There was a story yesterday about somebody hacked who the donors were to call Rittenhouse as a defense fund.
And they found a bunch of like cops and shit, which is correct.
crazy because he's a literal murder.
And he doesn't deny killing people.
He killed three people on the streets of Kenosha.
In my opinion, he's a murderer.
You might think he's a vigilante.
Either way, it's bad and cops should be opposed to him.
But a cop in Virginia Beach, I think, got fired today for donating to his defense fund.
So glad that guy's gone.
But there was a report last year from the Brennan Center about how much white supremacy
and far-right militancy there is in law enforcement.
And, I mean, there's a list of, like, 40 states where guys have been caught, like, being members of out and out of white supremacist organizations, which is just, like, insane to me that you think you get to be a police officer and also be on the membership list for Stormfront.

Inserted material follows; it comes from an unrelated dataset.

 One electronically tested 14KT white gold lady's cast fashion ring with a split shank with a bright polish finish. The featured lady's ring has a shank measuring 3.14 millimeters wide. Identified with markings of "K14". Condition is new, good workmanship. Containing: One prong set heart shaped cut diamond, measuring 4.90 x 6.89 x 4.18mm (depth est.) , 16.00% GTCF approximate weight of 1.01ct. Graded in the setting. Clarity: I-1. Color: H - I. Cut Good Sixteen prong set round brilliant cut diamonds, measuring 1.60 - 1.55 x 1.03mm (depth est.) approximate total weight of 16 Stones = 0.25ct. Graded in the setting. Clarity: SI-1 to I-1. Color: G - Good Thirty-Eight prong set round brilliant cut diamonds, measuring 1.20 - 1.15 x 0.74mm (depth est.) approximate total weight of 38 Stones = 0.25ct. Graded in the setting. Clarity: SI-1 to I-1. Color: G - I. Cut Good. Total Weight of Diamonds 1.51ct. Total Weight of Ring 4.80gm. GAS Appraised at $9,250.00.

I don't understand why you think you can get away with that, but guys apparently did.
It's funny to me thinking about how, like, how this sort of reflects on the trope in a lot of superhero comic books.
And go with me on this.
of like with Batman how the cops are always very anti-vigilanteism like in every Batman movie or story you know the cops are opposed to him because like we can't have this we can't have this vigilante justice shit out here but Batman is a white dude you know they can tell that much and he seems to be rich as far as they know because he's all his gadgets and stuff so like they would be more than fine with it because you've got an armed teenager right killing people is his form of vigilante justice and they're you know donating to his government
fund me and whatnot. So like, you know, I might need to rewrite some of them comic book stories,
Mark. I don't know that they're that opposed to white vigilanteism, if that's the right way to say
that. I mean, in a comic books, the Punisher was a serial killer who killed cops. And it was
the arch enemy was the cops. In real life, cops paint blue flag Punisher logos on the cars.

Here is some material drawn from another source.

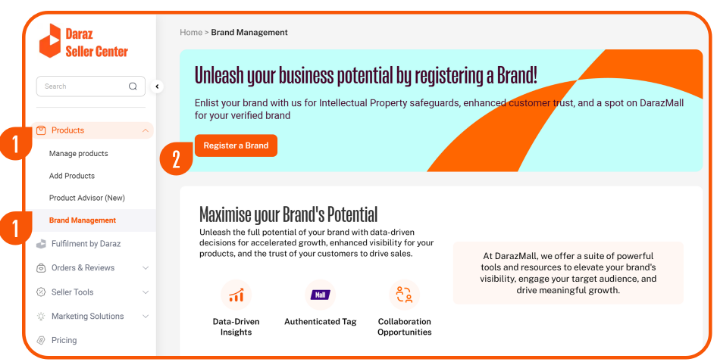 2►点击 Register a Brand 进入品申请页面。

So I don't really know how they, how the fantasy made, they just know the punter. I think they
just think the Punisher logo looks cool.
I don't know if they really understood anything about it.
The Punisher, all the Punisher writers and creators have been like,
the Punisher was a bad person, and he hated cops.
Those two things are not necessarily connected,
but how you can like him as a police officer in the book things is very weird to me.
Well, right.
Well, also, I mean, they were, you know, we had that story when,
when it actually happened, the insurrection of police at the Capitol being beaten
by rioters who had, you know, the blue line.
flag and like Blue Lives Matter thing just whipping the shit out of police officers because in this instance they were ideologically opposed from them in their minds so it isn't even necessarily about like the shield or what it represents you know or what it's supposed to represent it's just about you're either for them or you're against them basically and even if you are a cop and in any given moment you are against them they're still going to come after you especially if you're a black cop but yeah
Yeah, I mean, the symbolism wasn't particularly subtle in January 6th.
I mean, police officers were being beat by a blue Loss Matter flag.
It's like maybe it could hammering, hammering home.
It's little on the nose to the screenwriter.
It's like at the end of departed when they zoom it on the rats.
Like, oh, yeah, I couldn't trust anybody.
You know what it was honest.
We get it.
We get the point here, Scorsese.
Thanks, Marty.
Yeah.
Before we get to our guests, I'd like to, Matt, if you've got, I'd like to play the clip of the three old keepers sitting there talking about how they felt about the Capitol insurrection, that one on 60 minutes.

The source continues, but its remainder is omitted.